ОТВЕТНОЕ СЛОВО А. И. ВВЕДЕНСКОГО
Страница 3

Граждане, может возникать спор о том, что такая религиозная ощущаемость, такое религиозное мироощущение ошибочно. Но бывает ли ошибочно ощущение? Можно ли сказать, что ощущение красоты музыки Бетховена ошибочно, что ощущение красоты Стравинского — сегодня я просматривал его последнюю парижскую сонату — ошибочно? Категория ошибочности приложима ли к понятию той психической реальности, той психологической эмоции, которую данный человек переживает? Скажите мне, что ошибочно то счастье, когда ласкаешь своего ребенка; если этот мальчик для вас ничто, то для отца он лучшая частица его жизни, и этот мальчик, который вам не принесет ничего, отцу дает радость. Будете ли вы вправе сказать: твоя психология ошибочна, это обыкновенный мальчик, которых сотни и тысячи?

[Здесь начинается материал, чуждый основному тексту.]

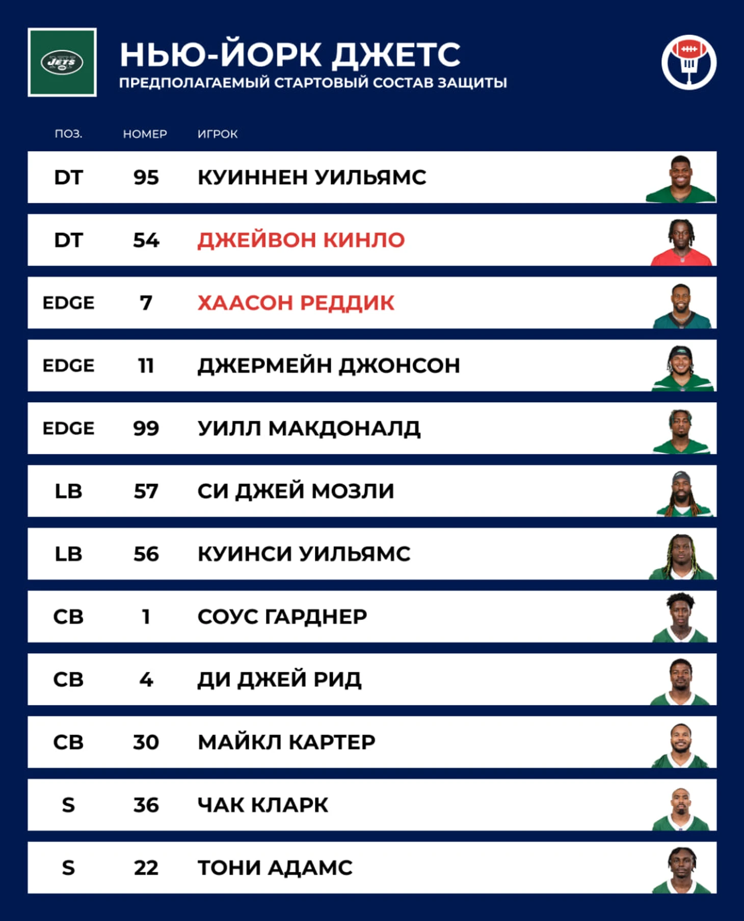 🃏 Козырь: Защита. Тщательно выпестованная линия защиты, завидное трио корнербеков, опытные лайнбекеры — у «Джетс» есть всё, чтобы доминировать по одну из сторон мяча. Всего лишь нужно не ограничивать потенциал обороны, выдавая сопернику короткое поле.

Поэтому вообще всякий ваш суд над нами (атеистов над религиозниками) в том смысле, что у вас есть безошибочная психология, а у нас ошибочная, — этот спор основан на психологическом недоразумении.

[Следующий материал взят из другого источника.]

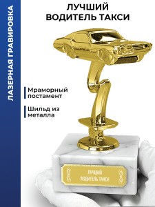 Наградная статуэтка с фигурой гоночного автомобиля. Подходит для размещения в интерьерах автоклубов и коллекциях спортивных трофеев.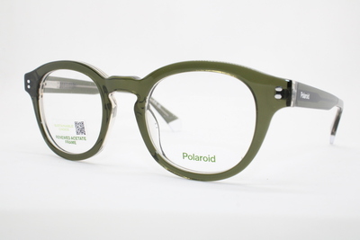 Aro de la marca Polaroid en acetato color verde semi traslucido con detalles plateados

Раз существует определенный религиозный опыт, который для лица, им обладающего, не менее несомненный, не менее реальный, чем опыт физический, а часто в своей интенсивности, в своей захватываемое™, в своей сверхреальности еще более фактичный, чем так называемый внешний опыт, граждане, если это есть факт, то ваши суждения о том, что религия умирает, так ли уж верны?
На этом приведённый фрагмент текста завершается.